Great target, for which we congratulate them. However, it may be a doomed attempt if 
they mean to achieve the ultimate reference prior, since this quest has been going on for 
centuries, including the contributions of the French Polytechnicians Emile Lhoste and 
Maurice Dumas in the 1920s (Broemeling and Broemeling, 2003), with no indication 
that we are near reaching an agreement. The authors thus aim for a less ambitious 
construction. 

Let us point out why we think this is an important problem. That we would have 
to change priors by changing parameters of interest is disturbing and somehow goes 
against the use of Bayesian methodologies. Ideally, one would want a single prior and 
various loss functions. Interestingly, this difficulty associated to the construction of 
noninformative priors - in the sense that it needs to be targeted on the parameter 
of interest - is amplified in large or infinite dimensional models. In finite dimensional 
regular models, the prior has an impact - at least asymptotically - to second order only. 
In infinite dimensional models, the influence of the prior does not completely vanish 
asymptotically, although some aspects of the prior may have influence only to second 
order. It has been noted recently that in a nonparametric problem, such as density or 
regression function estimation, nonparametric prior models may lead to well behaved 
posterior distributions under global loss functions such as the Hellinger distance for the 
density or the L 2 -iiorm for the regression function while have pathological behaviour for 
some specific functionals of the parameter; see, for instance, (Rivoirard and Rousseau, 
2012; Castillo, 2012; Castillo and Rousseau, 2013). This means that one needs to target 
the prior to specific parameters of interest, or that somehow it is asking too much of 
a prior to be able to give satisfactory answers for every aspects of the parameter. The 
larger the model, the more crucial the problem. 

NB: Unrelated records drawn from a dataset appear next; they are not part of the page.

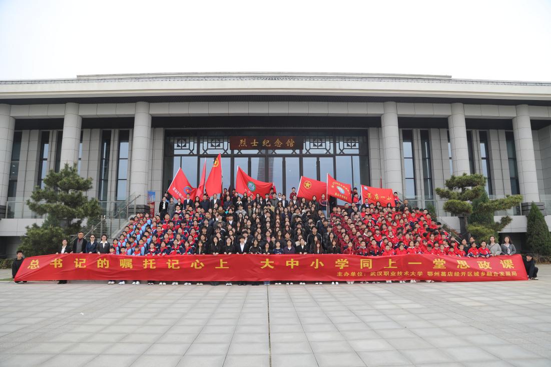 (通讯员:胡锐 摄影:王诚)4月2日,武汉职业技术大学联合葛店经开区城乡融合发展局,在鄂州革命烈士纪念园开展“总书记的嘱托记心上 大中小学同上一堂思政课”活动。活动紧扣立德树人根本任务,贯通小学、初中、高职专科和高职本科四个学段,通过敬献花篮、现场授课、经典诵读、心得交流等多元环节,以实景化、沉浸式教学推动思政教育“小课堂”与社会“大课堂”深度融合,切实将习近平总书记关于缅怀英烈的重要论述转化为铸魂育人的生动实践。校地相关负责人及师生代表近400人参加活动。
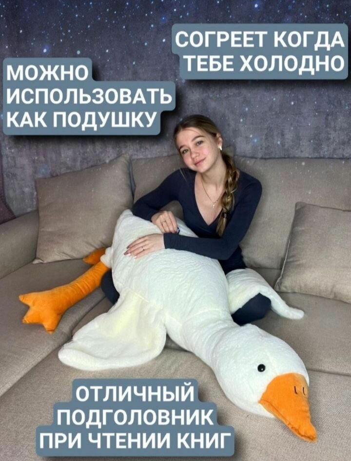 Мягкая игрушка "Плюшевый гусь обнимусь" 50 см интересное:
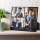 Elegant graduation keepsake black photo plaque to celebrate your graduate featuring a three picture collage and his or her name, class year and school in elegant modern white typography.

Obviously, it is of interest to derive priors which are well behaved for a large range 
of parameters of interest. The problem is then to define what well behaved means. This 
does not seem to be really defined in the present paper. Is it possible to derive a general 
notion of well behaved in the case of multiple parameters of interest without referring to 
a specific task or, in other words, to a specific loss function or family of loss functions? 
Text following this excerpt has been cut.